Wikimedia articles do not match exactly what their sitelinked Wikidata items describe or the other language articles that are sitelinked to their Wikidata item.

Consequences[edit]

  • Items become conflated as editors add statements that describe the multiple concepts described in the one or more Wikipedia articles sitelinked to an item.
  • Wikipedia editors become confused as to which item to add data to when a concept described in a Wikidata article does not match the Wikidata item. For example, Death and state funeral of Elizabeth II is sitelinked to death of Elizabeth II (Q113846055) but not state funeral of Elizabeth II (Q113849016). Editors may not know of the existence of state funeral of Elizabeth II (Q113849016) and in the future may add instance of (P31)state funeral (Q1052001).
  • Editors become unsure of which articles to sitelink to which items when articles on different wikis may describe both similar and different things.
  • Items for categories can become absolute messes as categories on different wikis, although they might have the same name, may not describe the same thing or be subdivided in the same way. Example consequences.

Solution[edit]

Instead of Wikidata items containing a list of sitelinks to Wikimedia articles:

JPEG (Q2195)

  • en: JPEG
  • es: JPEG
  • fr: JPEG
  • ja: JPEG

Wikipedia articles should have a Wikibase entity tied to their page like Commons Media files do that allows one to state what Wikidata items its article describes using main subject (P921):

English Wikipedia JPEG article

main subject
Normal rank JPEG-XT
0 references
add reference
Normal rank JPEG XL
0 references
add reference
Normal rank JPEG compression (Q116272068)
0 references
add reference


add value

French Wikipedia JPEG article

main subject
Normal rank JPEG compression (Q116272068)
0 references
add reference


add value

With this system we can determine that the English Wikipedia describes JPEG-XT and JPEG XL but the French Wikipedia article does not.

Implementation[edit]

Data storage[edit]

MediaWiki[edit]

This can be implemented exactly how Structured Data in Commons is implemented where a content slot part of a Media page contains a Wikibase entity.

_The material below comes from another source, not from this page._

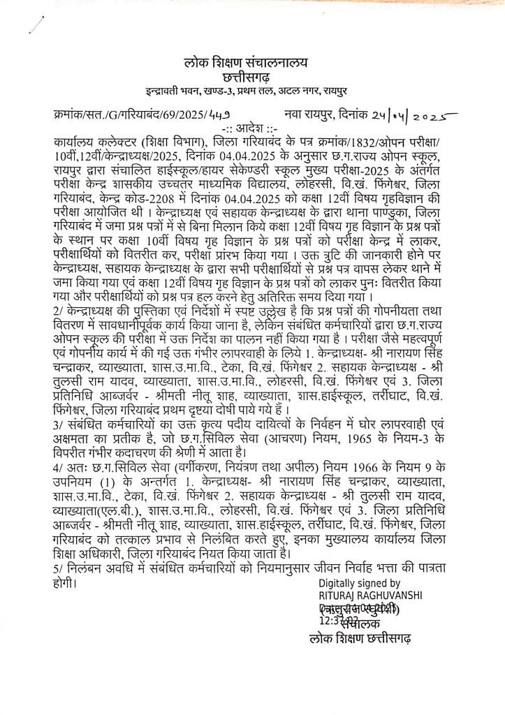 निलंबित अधिकारियों में केंद्राध्यक्ष नारायण सिंह चंद्राकर, सहायक केंद्राध्यक्ष तुलसी राम यादव और जिला प्रतिनिधि ऑब्जर्वर नीतू शाह शामिल हैं. निलंबन अवधि के दौरान सभी को जिला शिक्षा कार्यालय गरियाबंद में उपस्थिति देने के निर्देश दिए गए हैं.

Users could add main subject (P921) statements to state what Wikidata entities the article describes.

Users could also potentially add other article metadata statements such as the article class or the WikiProjects that the article is of relevance to. This can help cut down on the metadata stored in raw-text on the article's Talk page and also make it easily queryable.

Graph database[edit]

To provide for querying and Language selector functionality, the data from all of the Wikibases on the wikis should be uploaded to a single graph database.

This is done instead of having separate databases for each wiki so that we don't need to perform a federated SPARQL query across 280+ databases which could take a very long time.

Language selector[edit]

To allow users to find similar articles on different language wikis, the language selector will be changed so that it performs a SPARQL query in the all-wiki graph database looking for which articles have the same main subject (P921) statements as the article the user is currently viewing has. Then language selector dialog will then organize the linked articles by which concepts their articles describe that the article being viewed describes.

In the example below, the Japanese article being viewed describes the Shimizu Tunnel and the Daishimizu Tunnel. So, it has:

main subject (P921)Shimizu Tunnel (Q22329636)

main subject (P921)Daishimizu Tunnel (Q2623189)

The Korean and Japanese articles also have the same statements.

However, the English Wikipedia article only has:

main subject (P921)Shimizu Tunnel (Q22329636)

So, the language selector dialog shows that the Chinese and Korean articles describe the same two concepts just as the Japanese article does and places them in one column with a label showing which topics they describe. It then places English article in a separate column and documents that it describes only the Shimizu Tunnel.

Proposed Wikipedia Languages interface.png

This lets the user know their differences but allow them to still find the articles.

Entity access from wikis[edit]

The Wikibase Client provides parser functions and Lua functions that allow articles to display data from the Wikidata items that are linked to them. If a single article was to now link to multiple Wikidata items, these functions would no-longer work.

The solution to this is that while the sitelinks are moved from Wikidata to their respective wikis, any parser or Lua functions that do not specify their the entity that they are retreiving will be automatically edited to specify the item they originally were meant to retrieve from.